She smiled. "Huge. Let's go."
"Touch him," Tommy said.
"No thanks."
"So," Tommy said to the cat guy, "why don't you give him to a shelter or something?"
"Then how am I supposed to make a living?"
"You could print up a sign that says 'I'm poor and I lost my huge cat'? That would work on me."
"You may not be the best sample," said the cat guy.
"Look," Tommy said, standing now and digging into his pocket. "I'll buy the cat.
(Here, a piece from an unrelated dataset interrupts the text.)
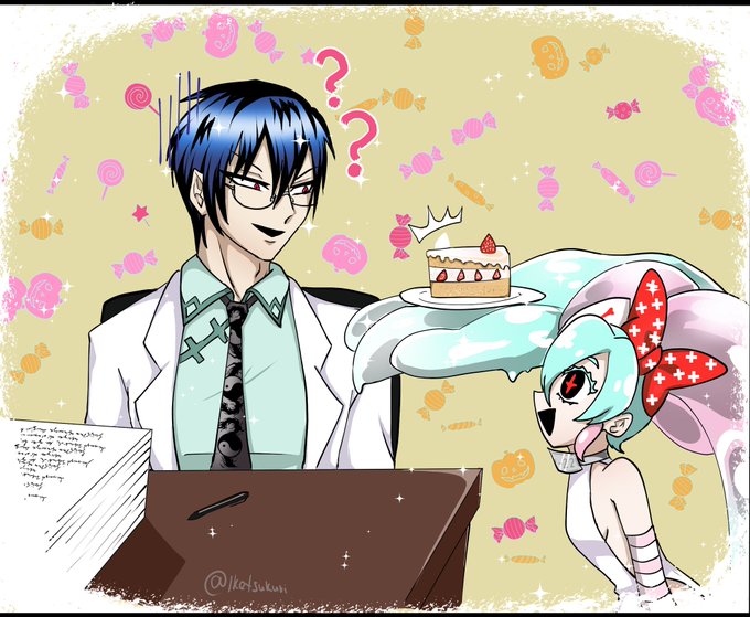 お題から、マカロンで「ひたすらマカロンに囲まれる15」です!!見切れちゃいましたが、15が持っている鍵の形をしているのはフォークです!!! #nnbkタイムズ #nnbkArt

I'll give you, uh, forty—"
The cat guy shook his head.
"Sixty—"
Furious head shaking…
Tommy untangled bills from a wad he'd pulled out of his pocket, "One hundred—"
"No."
"And thirty… two—"
"No."
"And thirty-seven cents."
"No."
"And a paper clip."
"No."
"That's a great offer," Tommy insisted. "That's like four bucks a pound!"
"No."
"Well screw you, then," Tommy said. "I don't feel sorry for you and your huge cat."
"You can't have your dollar back."
"Fine!" Tommy said.
"Fine!" said the cat guy.
Tommy took Jody by the arm and started to walk away. "That's a huge cat," he said.
"Why were you trying to buy it? We're not supposed to have pets in the loft."
"Duh," Tommy said. "Dinner."
"Yuck."
"It's a stopgap," Tommy said. "You know that the Masai of Kenya drink the blood of their cattle with no apparent ill effect to the cow."
"Well, I'm sure it violates our lease if we get a cow."
"That's it."
"What's it?"
"A lease."
Tommy swung her around and brought her back to the cat guy.
"I want to rent the cat," Tommy said. "You could use a break and I want to show the huge cat to my aunt who is an invalid and can't come down here."